4.6. Electrochemical Analysis

The electrochemical behaviour of the MWCNT modified electrodes was investigated pre- and post-modification to determine the ability of the MWCNT formulation to relay an electrochemical response. The voltammetric response of the modified SPE was explored via the redox probe, hexaammineruthenium(III) chloride [54]. The redox behaviour of the SPE was recorded as voltammetric peak-to-peak potential (ΔE_p) of the observed oxidation and reduction peaks [55]. The reversible limit, which is at ΔE_p 59 mV s⁻¹ (298 K) and smaller potentials up to this limit, demonstrated a more reversible electrochemical process [56]. The voltammetric analysis of the C-MWCNT/EDC-NHS/DAO/GA SPE profiles demonstrated an ΔE_p of 150 mV s⁻¹. The increase in peak-to-peak separation was potentially due to the percentage of binder used in the electrode’s fabrication, which has been shown to reduce electron transport at the carbon structure [57]. Furthermore, analysis of the SPEs via the deduction of the heterogeneous electron transfer rate constant value, k⁰ of hexaammineruthenium(III) chloride for the modified SPE, corresponded to 1.71 × 10⁻³ cm s⁻¹. To evaluate the MWCNT structure of the electrode and to confirm its non-porous nature, scan rate studies were carried out where the log of the peak current was measured against the log of the scan rate. For a typical diffusion-controlled redox process at a working electrode, one would expect a gradient of close to theoretical 0.5 [58]. The results of this work demonstrated a gradient of 0.4 which is close to the theoretical value of 0.5, thus indicating an electron process which was diffusional and demonstrated a non-porous electrode structure [59].

5. Conclusions

This study demonstrated the successful homogenous dispersion of MWNCTs through the manipulation of the hydrophobic/hydrophilic interactions using diamine oxidase to enable a more uniformed MWCNT suspension. Furthermore, the fabrication of screen-printed carbon electrodes was carried out and its surface properties evaluated, which demonstrated that following the use of the enzyme, a surface with increased wettability and roughness was produced which resulted in an increase in electron transfer. SEM, EDX analysis, and Raman spectroscopy confirmed the presence of the MWCNTs on the electrode surface and demonstrated surface changes with the addition of diamine oxidase and further conjugation molecules.
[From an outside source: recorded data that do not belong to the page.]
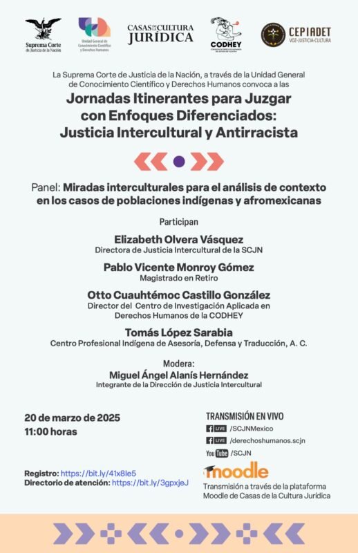 Suprema Corte de Justicia de la NaciónInfografías La Unidad General de Conocimiento Científico y Derechos Humanos convoca a las «Jornadas Itinerantes para Juzgar con Enfoques Diferenciados: Justicia Intercultural y Antirracista». Por Araceli Bastida - marzo 15, 2025 0 FacebookTwitterPinterestLinkedinReddItEmailWhatsAppTelegramVK
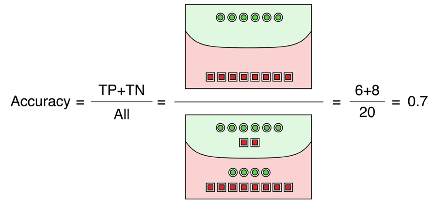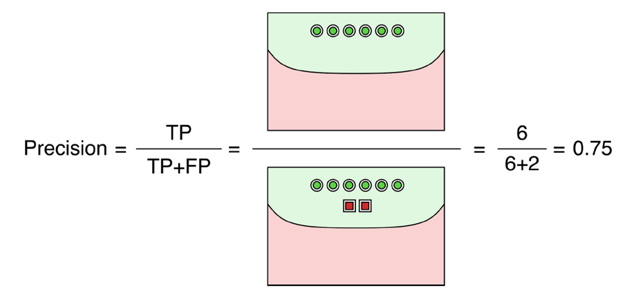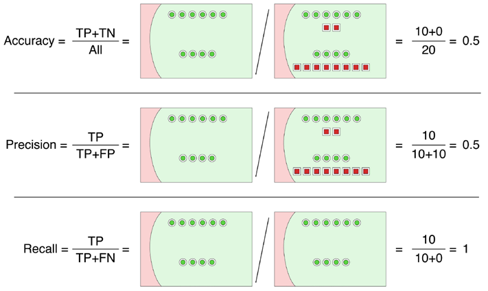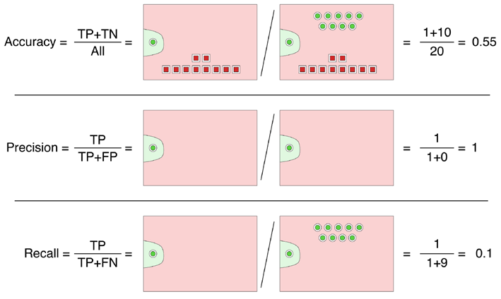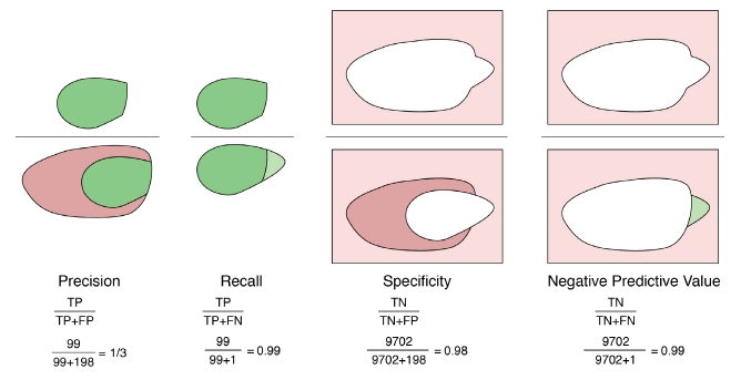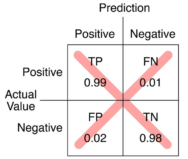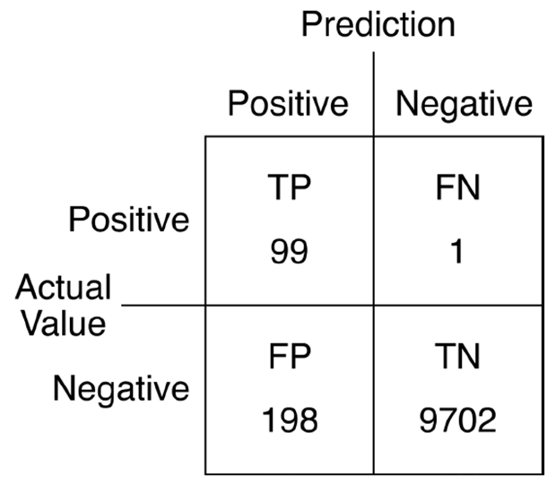 위의 figure는 총 1000개의 test planet에 대한 probe의 performance를 나타낸다. 이 중 101개의 planet은 생명체가 존재한다. probe는 1000 중에 100번의 경우 생명체를 찾았다고 제대로 report하였다. (true-positive. 101개 중 100개 correct)
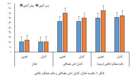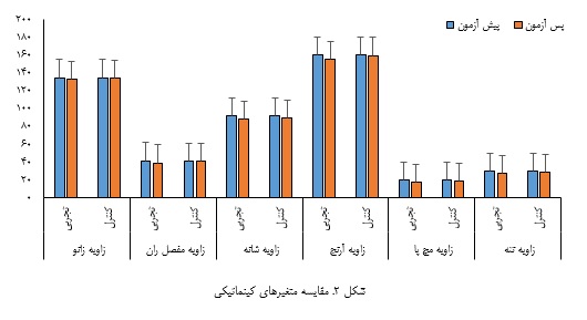 شکل ۲ مقایسه متغیرهای کینماتیکی بین گروه‌های تجربی و کنترل را در آزمون‌های پیش و پس از تمرین نشان می‌دهد. همان‌گونه که در شکل مشاهده می‌شود، در گروه تجربی زوایای اکثر مفاصل مانند زانو، شانه، آرنج و تنه پس از دوره تمرینی تغییرات معناداری داشته‌اند، در حالی‌که تغییرات در گروه کنترل اندک یا تقریباً ثابت باقی مانده است. این یافته‌ها نشان می‌دهند که برنامه تمرینی باعث بهبود الگوهای زاویه‌ای مفاصل در حرکات دفاعی شده است.
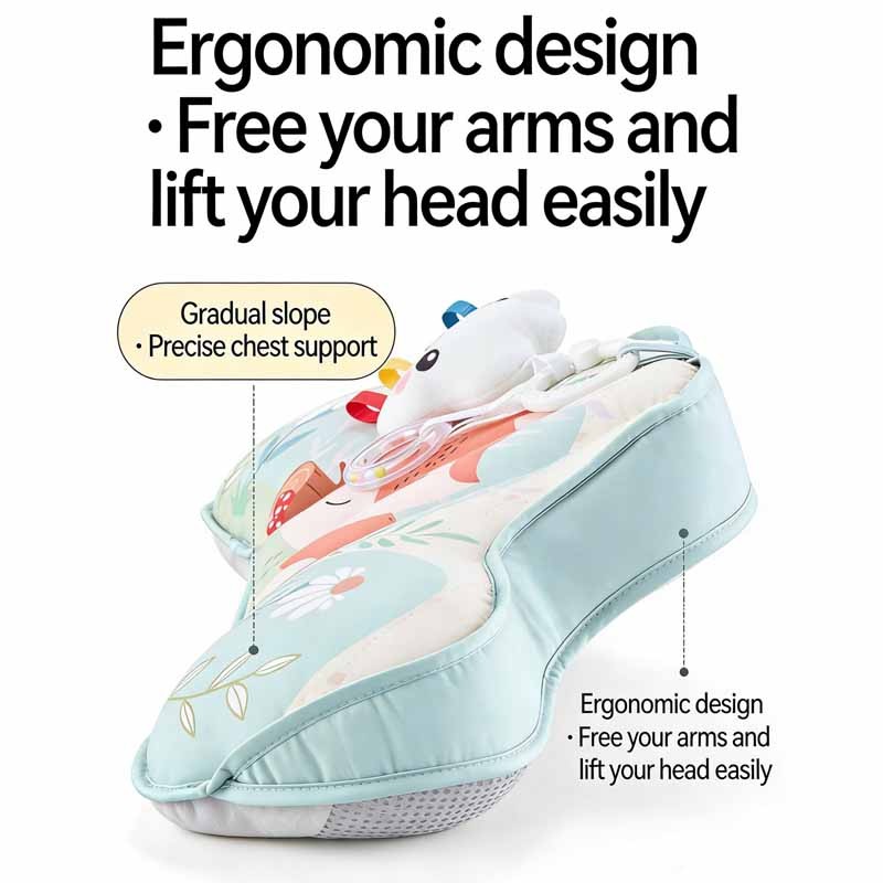 Designed for newborns to 6 months, this ergonomic tummy time pillow features a gradual slope to support baby's chest and free the arms for easy head lifting. Made of soft, skin-friendly fabric with high-elastic PP cotton fill. Includes 3 detachable sensory toys. Perfect for wholesale buyers and brands seeking OEM customization.
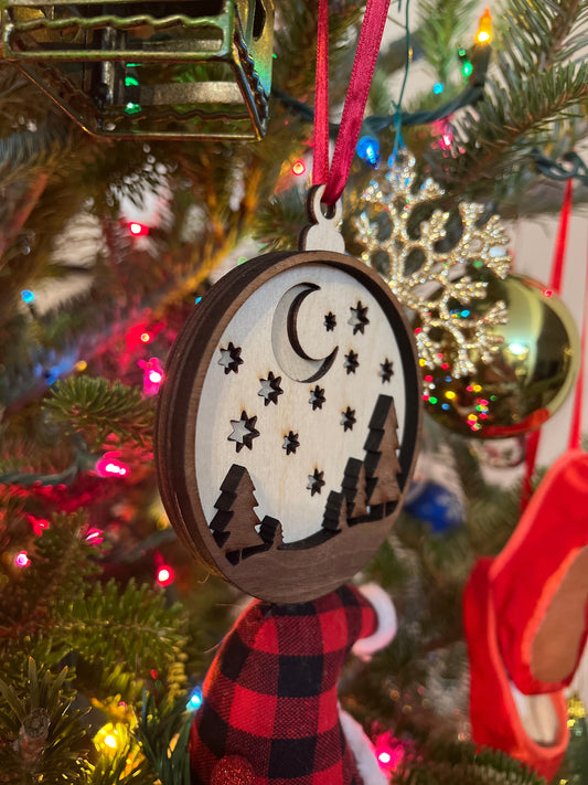 Silent Night 3D Ornament | Birch and Color | Laser Cut and Engraved | Personalized
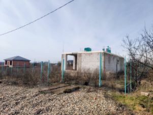 Недостроенный дом на участке правильной прямоугольной формы 15сот. Участок выровнен. Есть разрешение на строительство. Подведено электричество. Усиленный фундамент, возведен 1 этаж, колонны, перекрытие. Септик для бани. Конструкция под баню или беседку. Найдено место для скважины. Газ, вода вдоль участка. Ограждение. Строили для себя. Шикарный вид на озеро
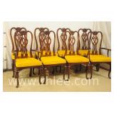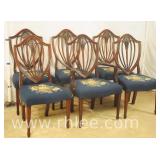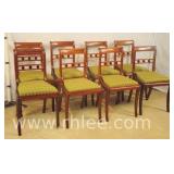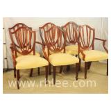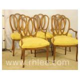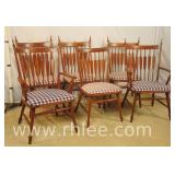 Set of 6 arrow spindle back dining chairs; 737-1240 - 2 arm chairs, 4 side chairs - (seat fabric is faded) - 24.5x21.5x39.5 arm chair; 19.5x20x38 side chair
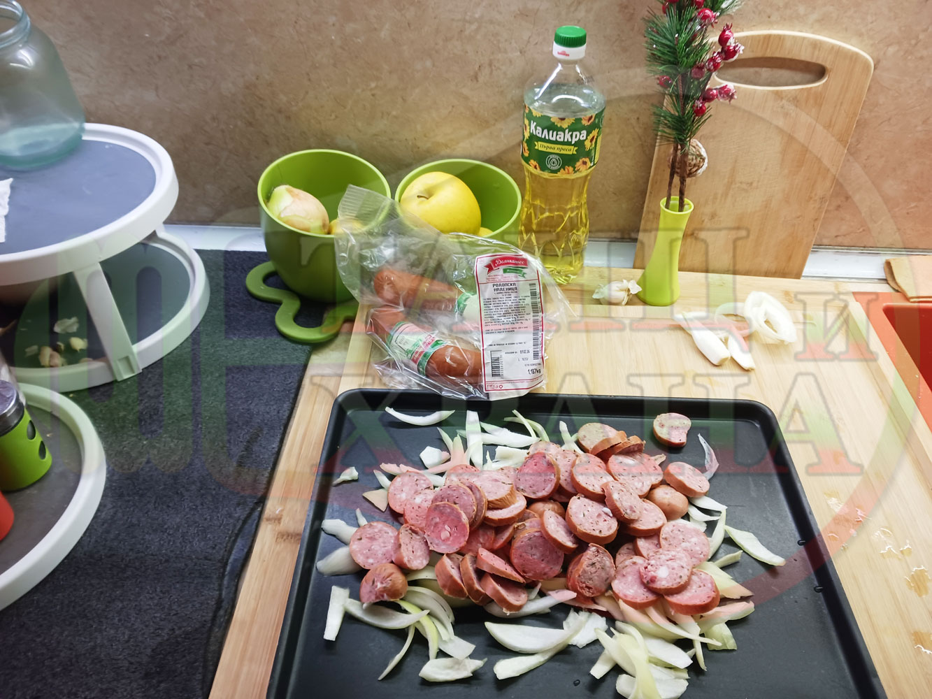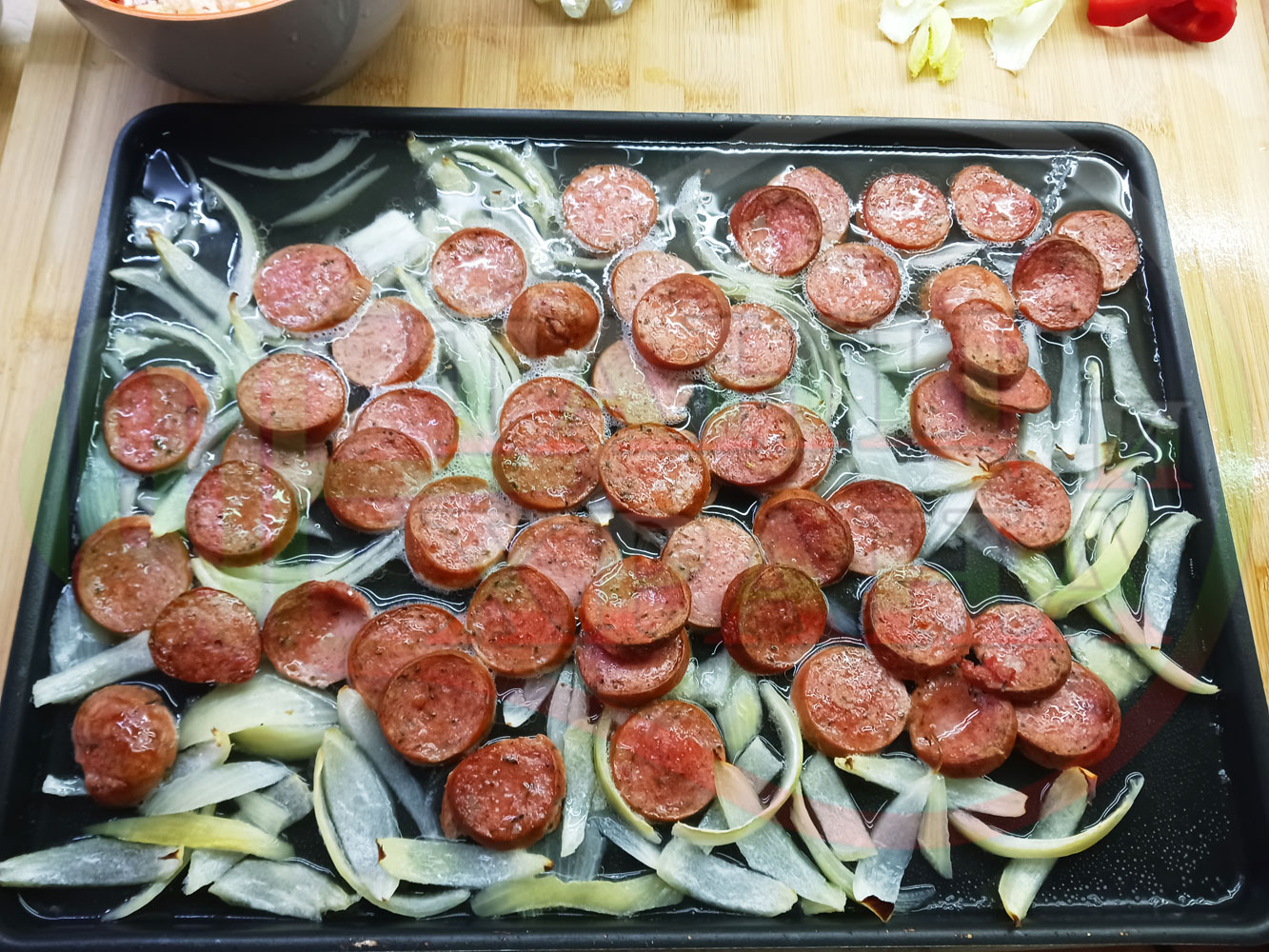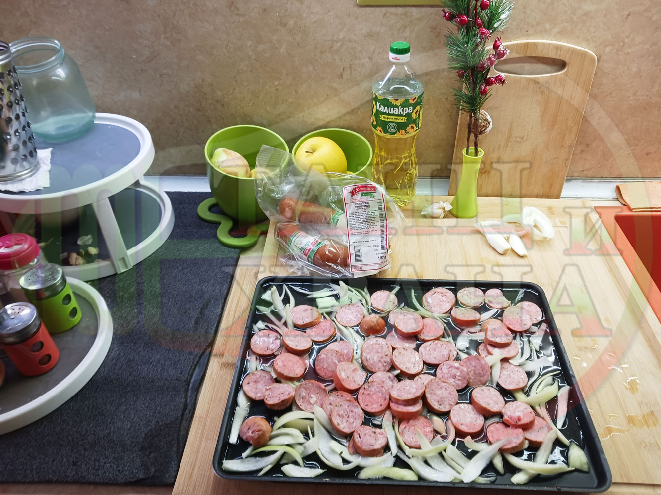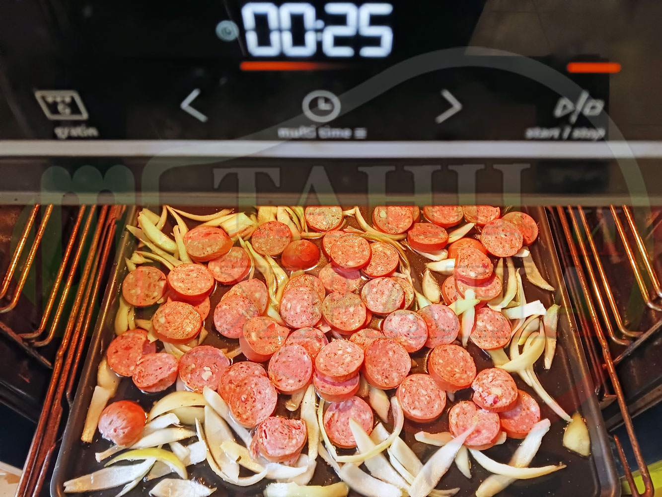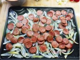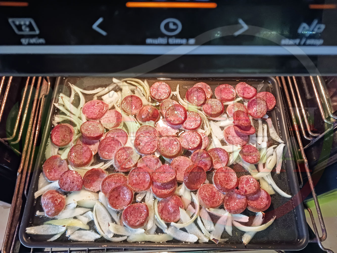 ВНИМАНИЕ: Фурните са различни и съответно времето за сваряване и запичане е ориентировъчно. Наблюдавайте процеса на запичане и при необходимост, покрийте с хартия или фолио за печене. Разбърквайте лука и обръщайте често наденицата за да се изпече равномерно.

Electrochemical voltammetric analysis of the modified electrode demonstrated efficient electron transfer kinetics and determined the process of electron transfer was diffusion controlled as a result of a non-porous modified working electrode. The biosensing device utilised in this study has the potential to be applied to a range of healthcare-related fields for biomolecule detection where increased sensitivity is paramount.